El Río (2018) – Novela Gráfica

José Gai

Tajamar Editores
100 páginas

El Río, en su original de Alfredo Gómez Morel, se alza incluso hasta el día


de hoy como una novela única en su especie: no existen otros casos como
los de este autor, en que novelando su propia vida delincuencial, se haya
concebido una obra a tal punto escabrosa, que retrata como ninguna el
antiguo mundo del hampa santiaguino y el crecimiento de su protagonista
dentro del escalafón de la delincuencia, pasando de pequeño lanza
marginal hasta llegar a ser, en las otras partes que componen la trilogía,
un delincuente internacionalmente reconocido.

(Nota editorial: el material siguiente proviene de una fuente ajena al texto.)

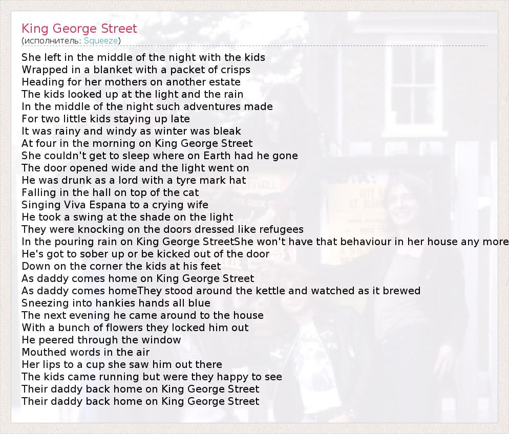 She left in the middle of the night with the kids Wrapped in a blanket with a packet of crisps Heading for her mothers on another estate The kids looked up at the light and the rain In the middle of the night such adventures made For two little kids staying up late It was rainy and windy as winter was bleak At four in the morning on King George Street She couldn't get to sleep where on Earth had he gone The door opened wide and the light went on He was drunk as a lord with a tyre mark hat Falling in the hall on top of the cat Singing Viva Espana to a crying wife He took a swing at the shade on the light They were knocking on the doors dressed like refugees In the pouring rain on King George StreetShe won't have that behaviour in her house any more He's got to sober up or be kicked out of the door Down on the corner the kids at his feet As daddy comes home on King George Street As daddy comes homeThey stood around the kettle and watched as it brewed Sneezing into hankies hands all blue The next evening he came around to the house With a bunch of flowers they locked him out He peered through the window Mouthed words in the air Her lips to a cup she saw him out there The kids came running but were they happy to see Their daddy back home on King George Street Their daddy back home on King George Street

El de Gómez Morel es un relato superlativo, que lo llevó a ser denominado


como un “clásico de la miseria” por Pablo Neruda, o como “la contracara
sórdida de la novela de formación burguesa: una incursión por los bajos
fondos y su picaresca de la mano de un aspirante a choro” por Manuel
Vicuña. Siendo así, acometer el intento de traducirla al lenguaje de la
novela gráfica se trata de un trabajo no solo dificilísimo, sino que tal vez
desmesurado. José Gai enfrenta el reto y lo hace desde una doble vereda,
siendo tanto el guionista como el dibujante, lo que hace más meritorio su
esfuerzo.

Haciendo un somero resumen de su argumento, El Río relata la historia de


un niño que por escapar de las violaciones y malos tratos baja al rio
Mapocho, y se entrega a una vida de delincuencia, violencia, nuevos
abusos y violaciones, y de un profundo desprecio por la humanidad, hacia
todo aquel que vive fuera del ámbito del río. Se trata de aquellos
despreciados por los marginados de la sociedad, los que están al margen
del margen.

El guion de la novela gráfica consigue mantener el curso de la historia


narrada sin alterarlo sustancialmente. Hay en ello un logrado trabajo de
síntesis que permite al lector ir saltando por las imágenes más fuertes y
decisivas de la novela adaptadas al cómic, puesto que el primer desafío
debió ser, sin lugar a dudas, decidir qué era aquello esencial de lo que no,
qué debía usarse o mantenerse en el cómic y de qué debía prescindirse
para mantener a esta entrega en una extensión razonable para poder ser
pasada a viñetas.

El estilo de dibujo de Gái, que aparenta una sencillez que no es tal,


funciona perfectamente en El Río, ya que acentúa la crudeza del relato al
darle a estas viñetas sin colorear nada más que los trazos estrictamente
necesarios para realizar las imágenes, como si quisiera evidenciar su
propio mecanismo de producción, su carácter de dibujo. El formato
álbum, además, posibilita una lectura generosa y una visión adecuada de
las viñetas.
En su versión novela gráfica resulta una obra tan bien lograda que
perfectamente puede tener una vida propia al margen de aquella novela
en la que se basa.

Por último, cabe destacar el constante trabajo de Editorial Tajamar, que


apuesta una y otra vez por este tipo de rescates patrimoniales, sin por ello
limitarse a reeditar obras consagradas, sino que dando el espacio para
volver a trabajarlas. Así lo hizo con su nueva edición de Hijo de ladrón y
ahora lo hace con El río en esta versión revisitada en versión novela
gráfica.
El río es una novela de Alfredo Gómez Morel que nos es ofrecida, no solo
por sus actuales editores sino que desde su primera publicación, como un
libro autobiográfico. Conforme se nos informa en la solapa así como en
cualquier medio escrito al que accedamos, su autor fue un niño
abandonado en un conventillo a los tres meses de edad por su madre
prostituta, para luego deambular entre orfelinatos y diversas casas, en una
pugna constante entre su madre y padre biológicos así como de la gente
de los lugares que lo fueron acogiendo; pugna que lo hizo ser cada vez
menos parte de ningún lugar. Como consecuencia de ello —y de otra
maraña de sucesos, así como quizás también alguna inclinación de
carácter— siendo todavía apenas un niño escapó del orfanato, del colegio,
y corrió hacia el río Mapocho, aquel por entonces torrentoso fluente de
aguas oscuras, sucias y malolientes, donde bajo sus puentes y en algunos
puntos estratégicos hacían vida los pelusas, los niños de la calle, aquellos
que por diversos motivos escapaban o no tenían hogar donde vivir.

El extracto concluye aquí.